_ASSIGNMENT_
In full and exactly, reproduce the entries below, but omit the pictures.

_AVAILABLE RECORDS_
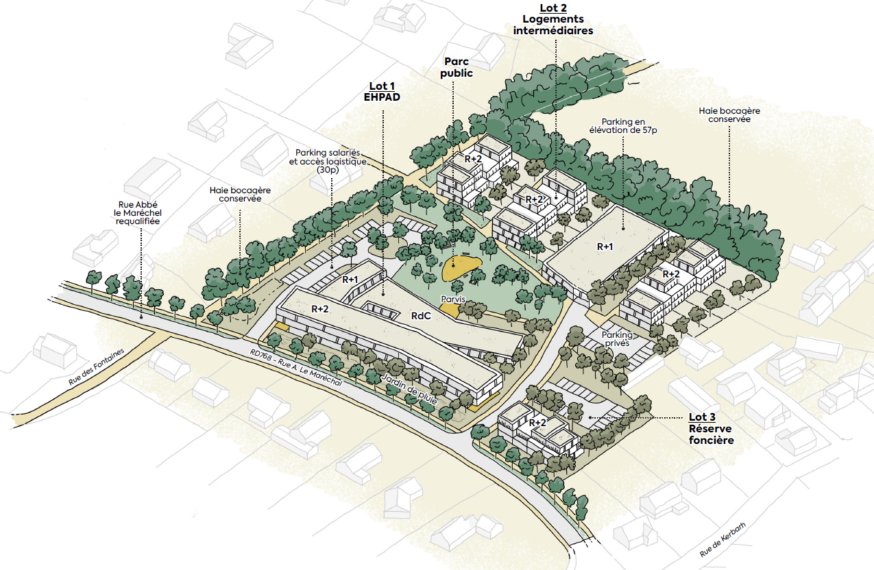 > Implantation du nouvel EHPAD compact (R+2 / 80 lits) en front de voie pour structurer la rue Abbé le Maréchal.
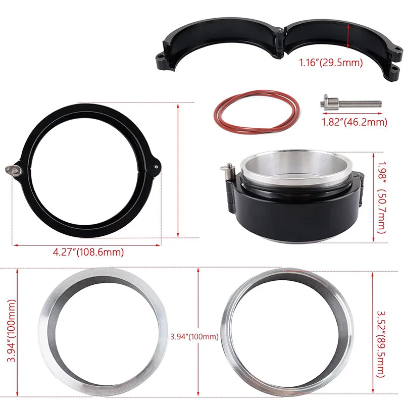 Aluminum Quick Release V-Band Clamp, 3.5"/88.9mm Intake Intercooler Pipe Clamp,Intake Intercooler Pipe Throttle Union Sleeve Feature 【Product Name】Quick Release V-Band Clamp 【Size】 3.5"/88.9mm (We also have 2"/2.5"/2.75"/3"/3.5"/4", if you want other size, you can email us to send you a link or directly into the store to find) 【Color】Black (We also have black/red/blue, if you like other colors, you can email us to send you a link or directly into the store to find) 【Material】Aluminum alloy 【Quantity】1 Set Specification 【Features】 Burst pressure rating of 800psi, with stands up to 400°F. 【 Size】 3.5" V band clamp is fit for 3.5" OD pipe. 【Sealing】 The V-band clamp is sealed by uniform pressure at the flange and NBR O-rings. 【Application】 These Aluminium clamp flange are designed for welding to your pipes and clamping together with the aluminum quick release clamp.Quick release V-Band clamp kit is suitable for intake intercooler pipes, throttle body, turbocharged intake pipes, etc. 【Note】Installation instructions are not included with the product, professional installation is highly recommended. If you have any installation problems, please contact us by e-mail, we will provide you with electronic installation instructions or installation video. Fitment: For intake intercooler pipes, throttle body, turbocharged intake pipes, etc. If there is any fitment uncertainty as to whether or not your car will be able to use this product, you can contact us by email! Package included: 1* Quick Release V-Band Clamp Note Manual measurement may exist 1-2cm error, please understand Please be reminded that due lighting effects, monitor's brightness/contrast settings etc, there could be some slight differences in the colour tone of the website's photo and the actual item. If there is an unexpected delay in transit of your goods, or if you find there are some unexpected problems with the product after you receive it, we sincerely hope you will email us first instead of opening a case or give bad reviews, it is very important to us and I appreciate your understanding. We guarantee that you can get a satisfactory solution.
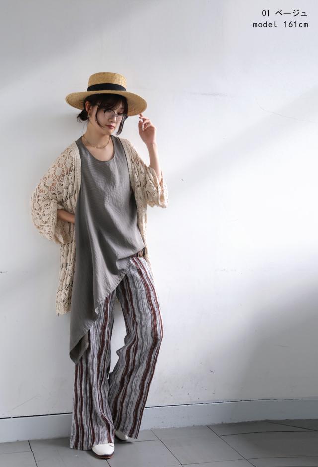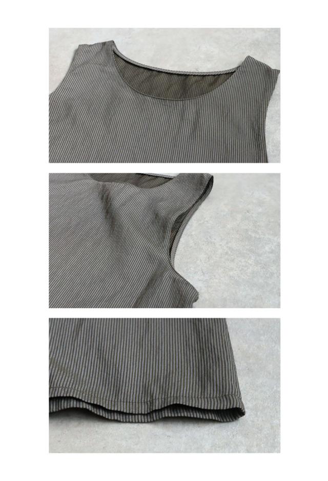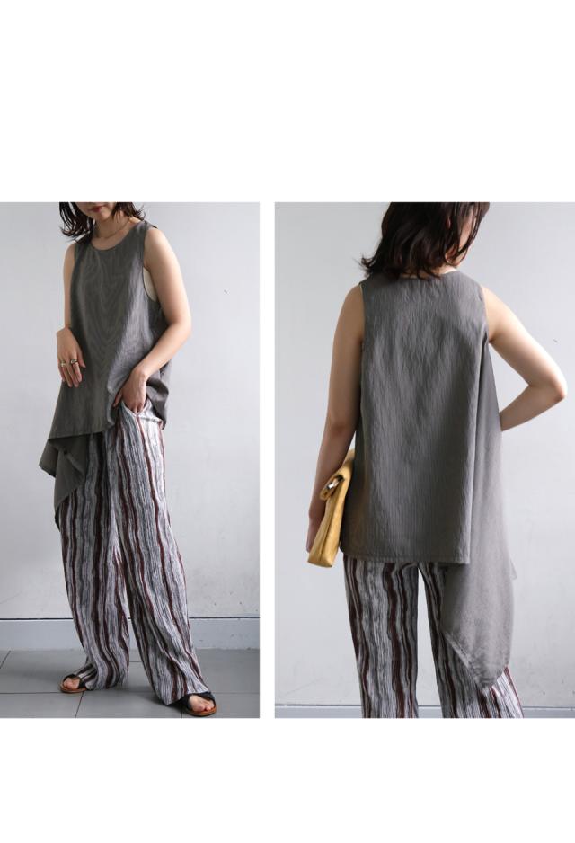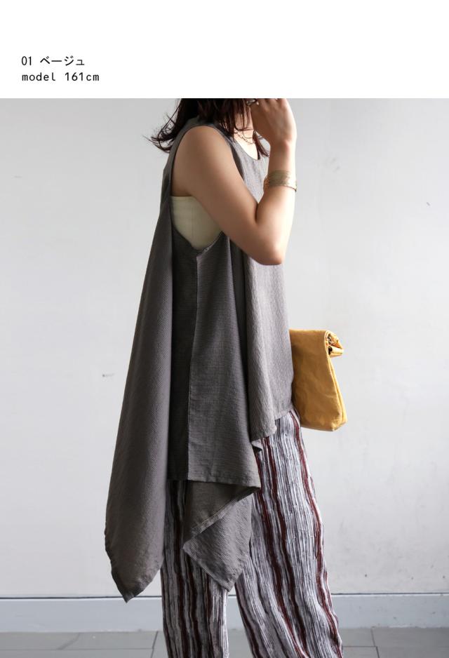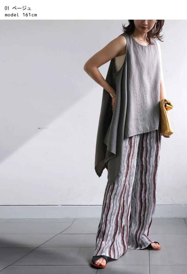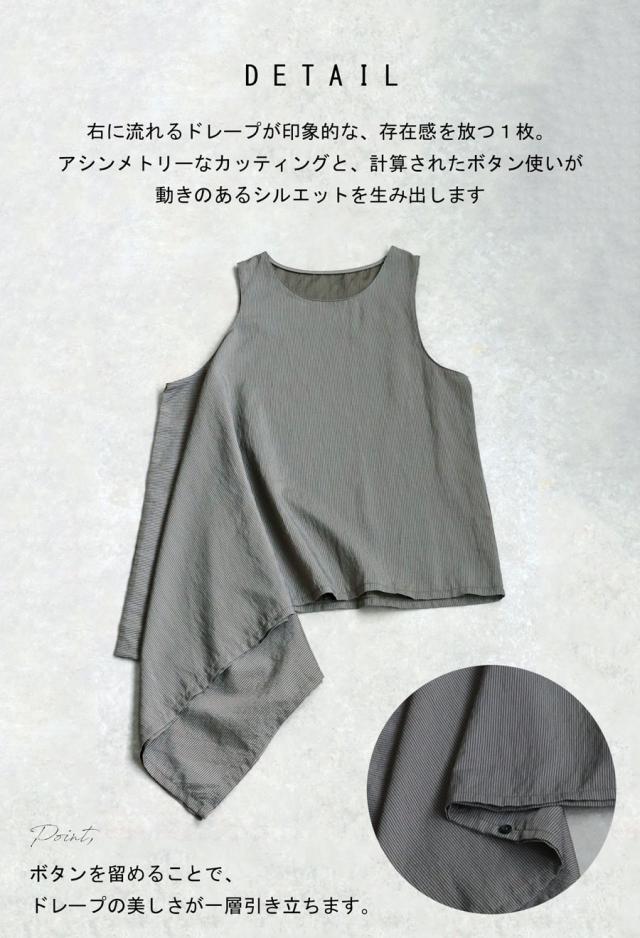 pa-03703 ストライプ柄 柄 立体ドレープ アシンメトリー 軽やか素材 袖なし デザインカット モードシルエット アシンメトリー クルーネック 丸首 プルオーバー かぶり
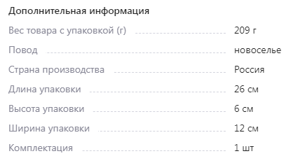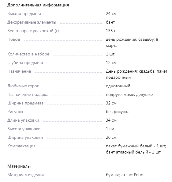 Здесь же характеристики указаны достаточно подробно, этот товар показывается при использовании многих фильтров — к примеру, когда ищут подарочный пакет на свадьбу.
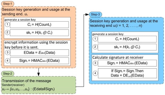 The variables Count0 and the root key k0 are used in Step 1.1 and Step 1.2 to produce the session key sk0. The information for transfer is encrypted and signed using this session key before being sent in steps 1.3 and 1.4. In step 2, the data that have been encrypted together with the signature value are then sent to all the recipients of SXs. Step 3.1 and Step 3.2 generate the session key at the recipients then Step 3.3 calculates the receiver signature. In Step 3.4, the recipients compare the transmitter signature and recipient signature, if there are equal, and the information is decrypted.
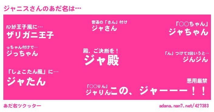 | 男性向けラノベタイトル風あだ名 | 『この素晴らしい世界にジャニスを!』『魔法科高校のジャニス』 |
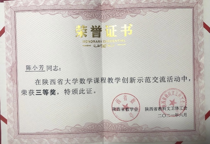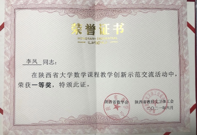 研讨会为陕西高校大学数学课程教学创新示范交流活动中获奖个人和优秀组织奖举行了隆重的颁奖仪式,best365数学与统计学院副教授李凤获得一等奖,副教授陈小芳获三等奖。
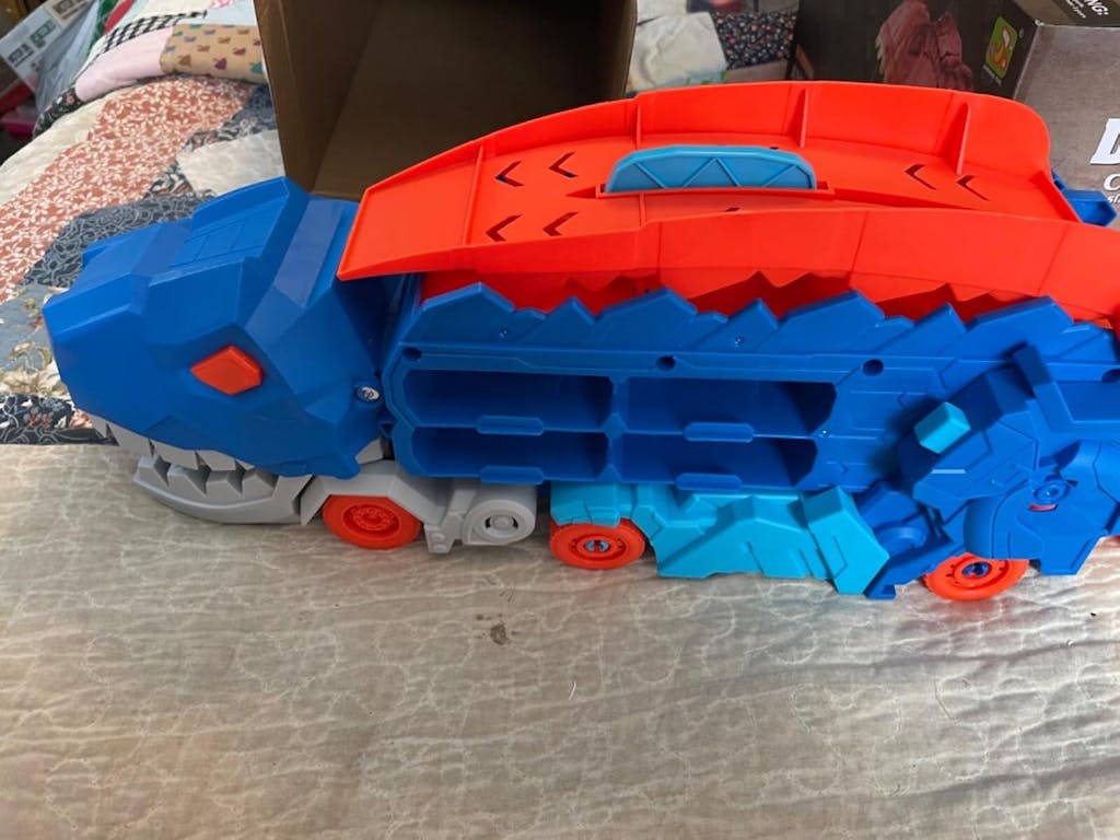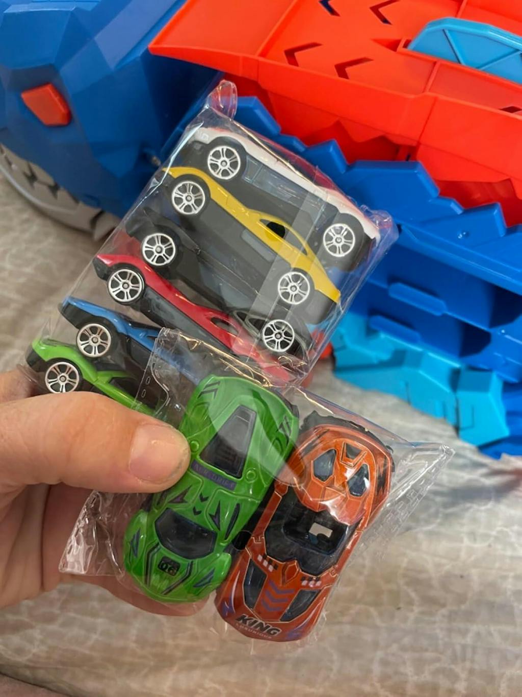 If your kid likes dinosaurs and cars, then this set is a fun starter set. It comes with 8 cars to match the 8 car slots. Inside the Dinos mouth is a rotating device with rubber scoops that will allow the dinosaur to eat the cars. They move into his digestive track and come out the back side. On the Dinos knees are buttons that allow the body to stand erect. These were awkward for me to press so your child will almost certainly need some assistance. Down the back are two racing tracks with a button push to release the cars for a race. The Dino folds up nicely for storage.

_TASK SOLUTION_
 > Implantation du nouvel EHPAD compact (R+2 / 80 lits) en front de voie pour structurer la rue Abbé le Maréchal.
 Aluminum Quick Release V-Band Clamp, 3.5"/88.9mm Intake Intercooler Pipe Clamp,Intake Intercooler Pipe Throttle Union Sleeve Feature 【Product Name】Quick Release V-Band Clamp 【Size】 3.5"/88.9mm (We also have 2"/2.5"/2.75"/3"/3.5"/4", if you want other size, you can email us to send you a link or directly into the store to find) 【Color】Black (We also have black/red/blue, if you like other colors, you can email us to send you a link or directly into the store to find) 【Material】Aluminum alloy 【Quantity】1 Set Specification 【Features】 Burst pressure rating of 800psi, with stands up to 400°F. 【 Size】 3.5" V band clamp is fit for 3.5" OD pipe. 【Sealing】 The V-band clamp is sealed by uniform pressure at the flange and NBR O-rings. 【Application】 These Aluminium clamp flange are designed for welding to your pipes and clamping together with the aluminum quick release clamp.Quick release V-Band clamp kit is suitable for intake intercooler pipes, throttle body, turbocharged intake pipes, etc. 【Note】Installation instructions are not included with the product, professional installation is highly recommended. If you have any installation problems, please contact us by e-mail, we will provide you with electronic installation instructions or installation video. Fitment: For intake intercooler pipes, throttle body, turbocharged intake pipes, etc. If there is any fitment uncertainty as to whether or not your car will be able to use this product, you can contact us by email! Package included: 1* Quick Release V-Band Clamp Note Manual measurement may exist 1-2cm error, please understand Please be reminded that due lighting effects, monitor's brightness/contrast settings etc, there could be some slight differences in the colour tone of the website's photo and the actual item. If there is an unexpected delay in transit of your goods, or if you find there are some unexpected problems with the product after you receive it, we sincerely hope you will email us first instead of opening a case or give bad reviews, it is very important to us and I appreciate your understanding. We guarantee that you can get a satisfactory solution.
 pa-03703 ストライプ柄 柄 立体ドレープ アシンメトリー 軽やか素材 袖なし デザインカット モードシルエット アシンメトリー クルーネック 丸首 プルオーバー かぶり
 Здесь же характеристики указаны достаточно подробно, этот товар показывается при использовании многих фильтров — к примеру, когда ищут подарочный пакет на свадьбу.
 The variables Count0 and the root key k0 are used in Step 1.1 and Step 1.2 to produce the session key sk0. The information for transfer is encrypted and signed using this session key before being sent in steps 1.3 and 1.4. In step 2, the data that have been encrypted together with the signature value are then sent to all the recipients of SXs. Step 3.1 and Step 3.2 generate the session key at the recipients then Step 3.3 calculates the receiver signature. In Step 3.4, the recipients compare the transmitter signature and recipient signature, if there are equal, and the information is decrypted.
 | 男性向けラノベタイトル風あだ名 | 『この素晴らしい世界にジャニスを!』『魔法科高校のジャニス』 |
 研讨会为陕西高校大学数学课程教学创新示范交流活动中获奖个人和优秀组织奖举行了隆重的颁奖仪式,best365数学与统计学院副教授李凤获得一等奖,副教授陈小芳获三等奖。
 If your kid likes dinosaurs and cars, then this set is a fun starter set. It comes with 8 cars to match the 8 car slots. Inside the Dinos mouth is a rotating device with rubber scoops that will allow the dinosaur to eat the cars. They move into his digestive track and come out the back side. On the Dinos knees are buttons that allow the body to stand erect. These were awkward for me to press so your child will almost certainly need some assistance. Down the back are two racing tracks with a button push to release the cars for a race. The Dino folds up nicely for storage.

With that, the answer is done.